■ **Source data**
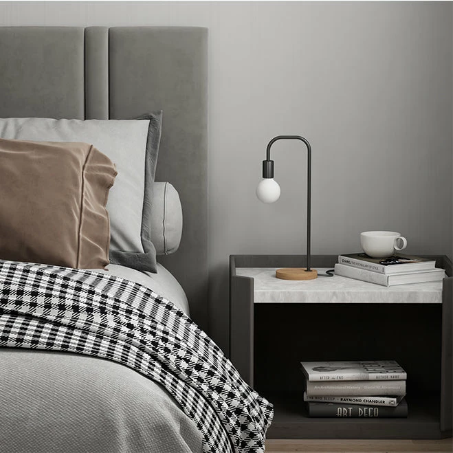 Simple and elegant, an over-size bulb gives this modern table lamp a subtle retro look. Made of powder coated steel with a solid oak wood base, it’s available in black or copper finish. Perfect for the home office or bedside table.
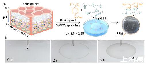 圖1受皮膚分化過程啟發(fā)的水-水鋪展與聚電解質(zhì)膜制備機制
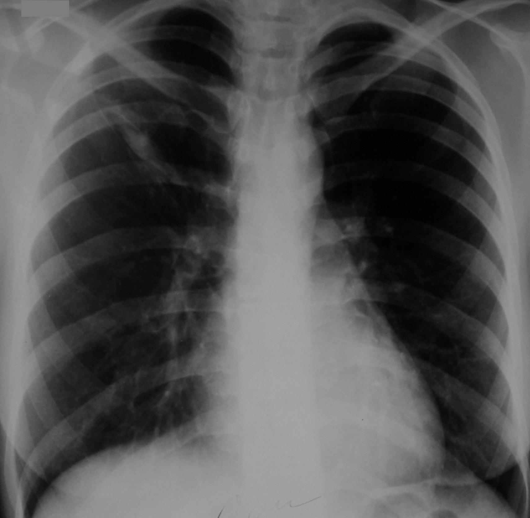 При поступлении состояние средней степени тяжести. Температура тела 38,5ºС. Пульс 86 ударов в минуту. Артериальное давление 100/70 мм. рт. столба. Частота дыхательных движений 22 в мин. Дыхание справа жесткое, ослаблено в верхних отделах, слева – везикулярное. Анализ крови от 23.12.2004: гемоглобин – 134 г/л, эритроциты – 4,0×1012/л, лейкоциты – 9,0×109/л, эозинофилы – 4, палочкоядерные – 3, сегментоядерные – 68, лимфоциты – 21, моноциты – 4, СОЭ – 20 мм. в час. Время свертывания 4 мин. Длительность кровотечения 2 мин. Общий анализ мочи от 23.12.2004 г.: цвет соломенно-желтый, прозрачная, плотность 1020 г/л, белок отрицательно, лейкоциты 3-4 в поле зрения, эпителий плоский до 4 в поле зрения. Анализ мокроты на МБТ от 23.12.2004 г. люминесцентным и от 24.12.2004 г. бактериоскопическим методами – положительно. Посев мокроты на МБТ от 27.09.2004 г.: рост до 10 колоний, устойчивость к рифампицину, изониазиду, этамбутолу, ципрофлоксацину, стрептомицину. Электрокардиограмма от 23.12.2004 г.: синусовый ритм 108 в мин. Отклонение электрической оси вправо. Нарушение внутрижелудочковой проводимости. Гипертрофия правого желудочка. Спирография от 30.12.2004 г.: нарушение функции внешнего дыхания по смешанному типу за счет всех групп бронхов. При рентгенографии органов грудной клетки от 23.12.2004 г. выявлена отрицательная динамика: справа в S2 округлый инфильтрат 3 см. в диаметре с центральным распадом. Вокруг появились крупные мягкие очаги. Левое легкое без очаговых и инфильтративных изменений (рис. 4).
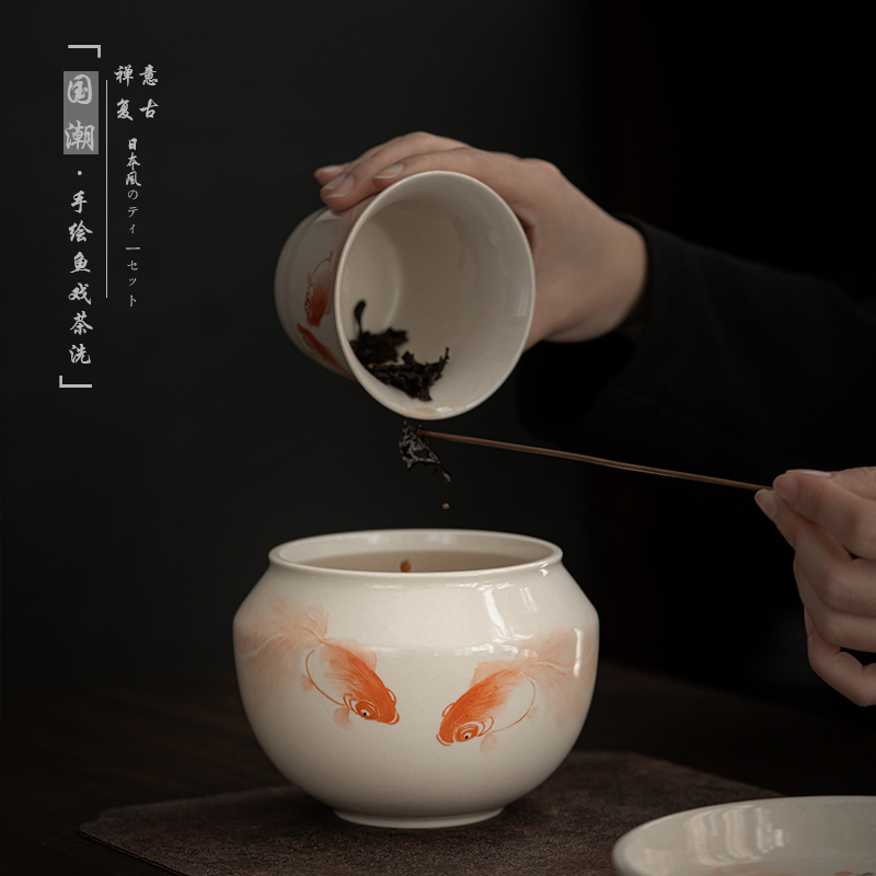 Household ceramic tea wash Japanese kung fu tea set living room retro tea dregs cup wash wash tea pot water bowl handmade
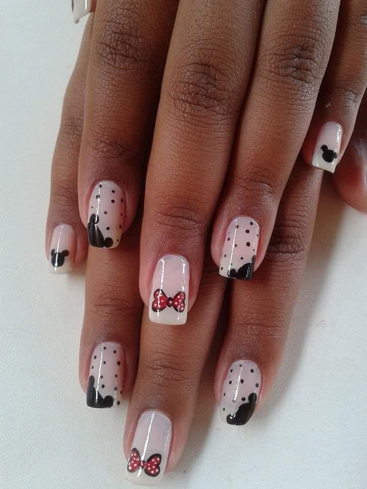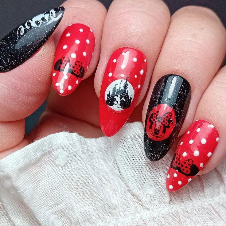 Bold red and black nails with white polka dots create a playful, vintage Disney feel. Minnie-inspired bows and castle accents give it a romantic yet iconic Valentine’s look.
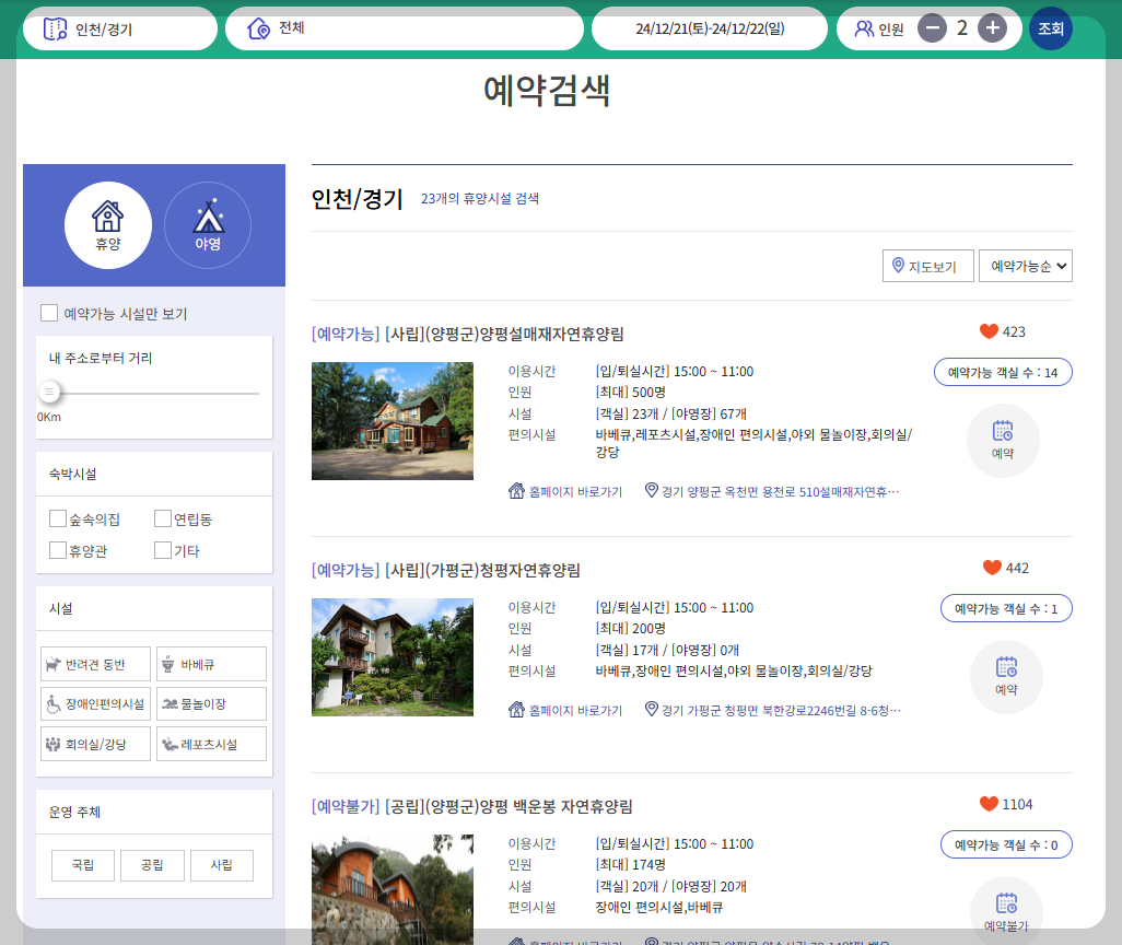 휴양림 예약은 산림청에서 운영하는 ‘숲나들e’ 웹사이트에서 할 수 있습니다.
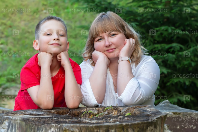Счастливые мама и сын на летней прогулке смотрят на улыбающуюся камеру
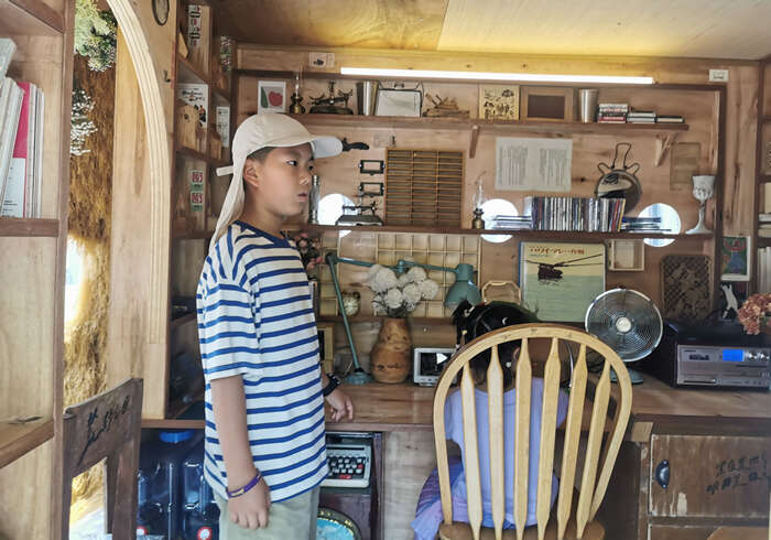 艺术家乔小刀用16天制作了《海怪酒店+万能机器人》,一层驾驶舱、客厅、厨房,二层卧室。(摄影:刘鹏飞)
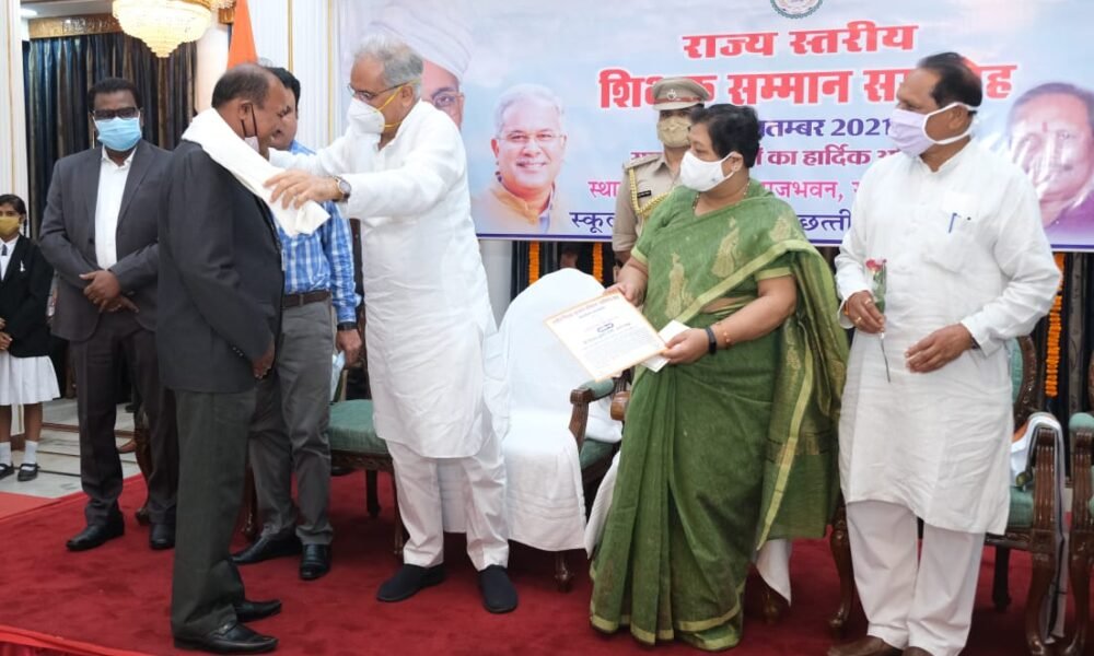 रायपुर: राज्यपाल अनुसुईया उइके के मुख्य आतिथ्य और मुख्यमंत्री भूपेश बघेल की अध्यक्षता में आज शिक्षक दिवस के अवसर पर राजभवन के दरबार हॉल में आयोजित...
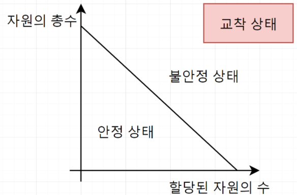 프로세스는 자원의 총수와 할당된 자원의 수를 기준으로 안전상태와 불안정 상태로 나눌 수 있습니다.

■ **What to produce**
Each entry above should be printed again word for word, with any picture dropped.

■ **Result of this exercise**
 Simple and elegant, an over-size bulb gives this modern table lamp a subtle retro look. Made of powder coated steel with a solid oak wood base, it’s available in black or copper finish. Perfect for the home office or bedside table.
 圖1受皮膚分化過程啟發(fā)的水-水鋪展與聚電解質(zhì)膜制備機制
 При поступлении состояние средней степени тяжести. Температура тела 38,5ºС. Пульс 86 ударов в минуту. Артериальное давление 100/70 мм. рт. столба. Частота дыхательных движений 22 в мин. Дыхание справа жесткое, ослаблено в верхних отделах, слева – везикулярное. Анализ крови от 23.12.2004: гемоглобин – 134 г/л, эритроциты – 4,0×1012/л, лейкоциты – 9,0×109/л, эозинофилы – 4, палочкоядерные – 3, сегментоядерные – 68, лимфоциты – 21, моноциты – 4, СОЭ – 20 мм. в час. Время свертывания 4 мин. Длительность кровотечения 2 мин. Общий анализ мочи от 23.12.2004 г.: цвет соломенно-желтый, прозрачная, плотность 1020 г/л, белок отрицательно, лейкоциты 3-4 в поле зрения, эпителий плоский до 4 в поле зрения. Анализ мокроты на МБТ от 23.12.2004 г. люминесцентным и от 24.12.2004 г. бактериоскопическим методами – положительно. Посев мокроты на МБТ от 27.09.2004 г.: рост до 10 колоний, устойчивость к рифампицину, изониазиду, этамбутолу, ципрофлоксацину, стрептомицину. Электрокардиограмма от 23.12.2004 г.: синусовый ритм 108 в мин. Отклонение электрической оси вправо. Нарушение внутрижелудочковой проводимости. Гипертрофия правого желудочка. Спирография от 30.12.2004 г.: нарушение функции внешнего дыхания по смешанному типу за счет всех групп бронхов. При рентгенографии органов грудной клетки от 23.12.2004 г. выявлена отрицательная динамика: справа в S2 округлый инфильтрат 3 см. в диаметре с центральным распадом. Вокруг появились крупные мягкие очаги. Левое легкое без очаговых и инфильтративных изменений (рис. 4).
 Household ceramic tea wash Japanese kung fu tea set living room retro tea dregs cup wash wash tea pot water bowl handmade
 Bold red and black nails with white polka dots create a playful, vintage Disney feel. Minnie-inspired bows and castle accents give it a romantic yet iconic Valentine’s look.
 휴양림 예약은 산림청에서 운영하는 ‘숲나들e’ 웹사이트에서 할 수 있습니다.
Счастливые мама и сын на летней прогулке смотрят на улыбающуюся камеру
 艺术家乔小刀用16天制作了《海怪酒店+万能机器人》,一层驾驶舱、客厅、厨房,二层卧室。(摄影:刘鹏飞)
 रायपुर: राज्यपाल अनुसुईया उइके के मुख्य आतिथ्य और मुख्यमंत्री भूपेश बघेल की अध्यक्षता में आज शिक्षक दिवस के अवसर पर राजभवन के दरबार हॉल में आयोजित...
 프로세스는 자원의 총수와 할당된 자원의 수를 기준으로 안전상태와 불안정 상태로 나눌 수 있습니다.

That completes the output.